# What is the Reformed view of Heaven?



## JBaldwin (Jan 26, 2009)

What is the reformed view of heaven and where can I read more about it? Or if someone could sum it up with scriptural references, that would help, too. 

I recently heard a sermon on heaven, and the view presented was very different from what I've heard in the past. 

Here are some of the questions I have: 

What does the Bible really teach about eternity? Will we live in heaven? Will we live on the earth? Will heaven and earth be combined together? 

Will we spend eternity around God's throne worshipping? 

Will we be ruling the earth? 

Will we have jobs to do? 

Heaven is a very important topic to me these days, and I would really like to have a better understanding of what we have to look forward. 

One thing I do know--We will be with Jesus and that will make anything we do worthwhile.


----------



## Hippo (Jan 26, 2009)

I believe that Jonathan Edwards wrote extensively on the subjecy, being lazy I have listend to quite a few Sam Storm cd's that touch on this subject and it is really thought provoking if slightly speculative.

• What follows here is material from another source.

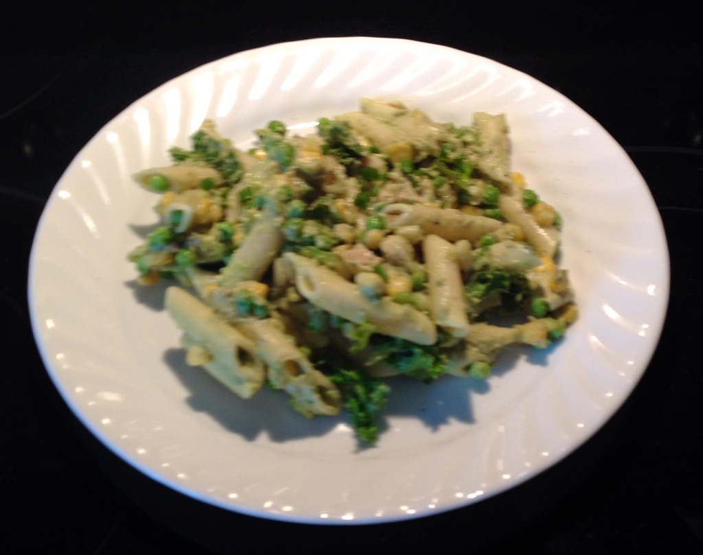 - Toss the pasta with the peas, corn, kale, broccoli and diced grilled chicken.

Enjoying God Ministries > Joys Eternal Increase Jonathan Edwards On The Beauty Of Heaven


----------



## Hamalas (Jan 26, 2009)

On a similar note, does anyone here have any experience with Randy Alcorn's work? I have read one of his novels and he sounded almost reformed. I have been very impressed with his stuff, but then again I haven't seen all that much. Does anyone else know more?


----------



## Guido's Brother (Jan 26, 2009)

My wife has been reading Randy Alcorn's Heaven. According to her, it has some good stuff, but he does tend to take some liberties with texts and make some leaps in logic.


----------



## staythecourse (Jan 26, 2009)

I saw Alcorn's work at the Book Nook and got the heebie jeebies reading the front-cover cover. 

"Other than the Bible-itself, this may be the single most life-changing book you'll ever read."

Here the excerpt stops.